MONDAY, Dec. 30, 2013 (HealthDay News) -- Pregnant women who are diagnosed with infections, particularly bacterial infections, during a hospital admission have an increased risk of delivering a child with autism spectrum disorder (ASD), according to research published online Dec. 23 in the Journal of Autism and Developmental Disorders.

Ousseny Zerbo, Ph.D., of Kaiser Permanente in Oakland, Calif., and colleagues conducted a nested case-control study involving 407 children diagnosed with ASD (cases) and 2,075 children without ASD (frequency matched controls) to assess the association between maternal infections during pregnancy and the risk of delivering a child with ASD.

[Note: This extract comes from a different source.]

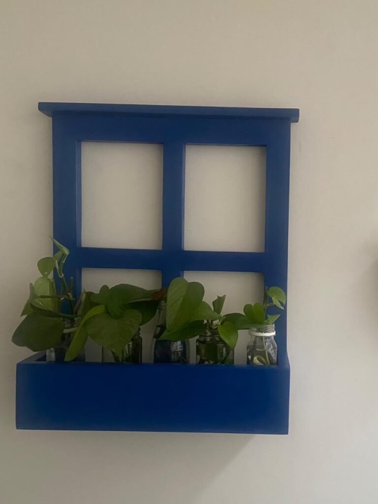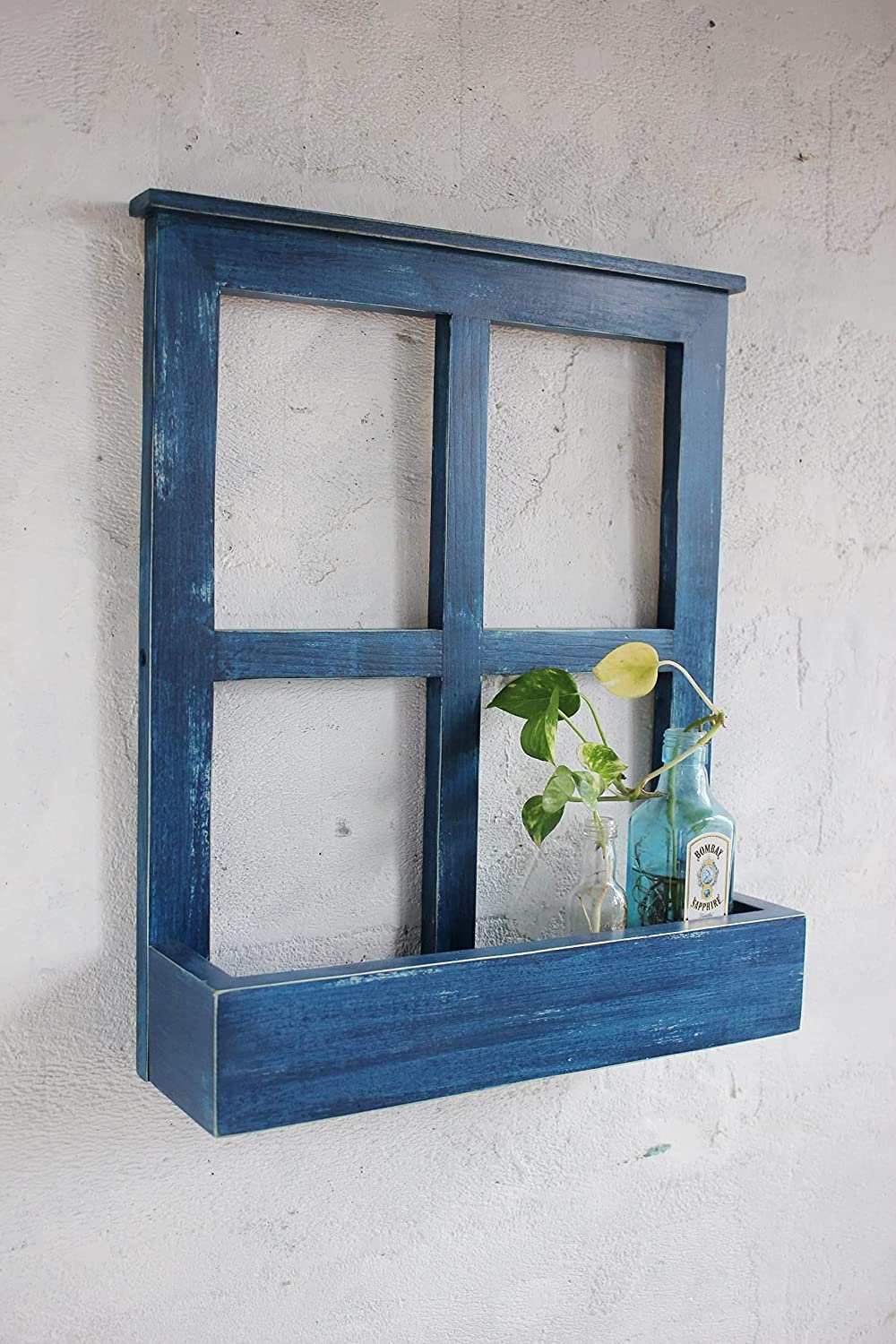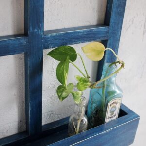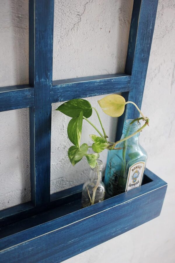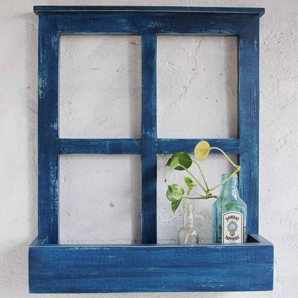 Enhance your home décor with this beautifully handcrafted wooden window frame wall shelf. Featuring a rustic blue finish, this decorative piece combines vintage aesthetics with functional storage, perfect for displaying small plants, vases, or decorative accents.

The researchers found no overall association between diagnosis of any maternal infection during pregnancy and risk of ASD (adjusted odds ratio [aOR], 1.15; 95 percent confidence interval [CI], 0.92 to 1.43). Women who were diagnosed with infections during a hospital stay were more likely to deliver a child with ASD (aOR, 1.48; 95 percent CI, 1.07 to 2.04), particularly if the infection was bacterial (aOR, 1.58; 95 percent CI, 1.06 to 2.37). Women who had multiple infections during pregnancy also had increased risk of having a child with ASD (aOR, 1.36; 95 percent CI, 1.05 to 1.78).

"Multiple maternal infections and bacterial infections occurring during late pregnancy, particularly those diagnosed in a hospital setting, were associated with a higher risk of autism," the authors write.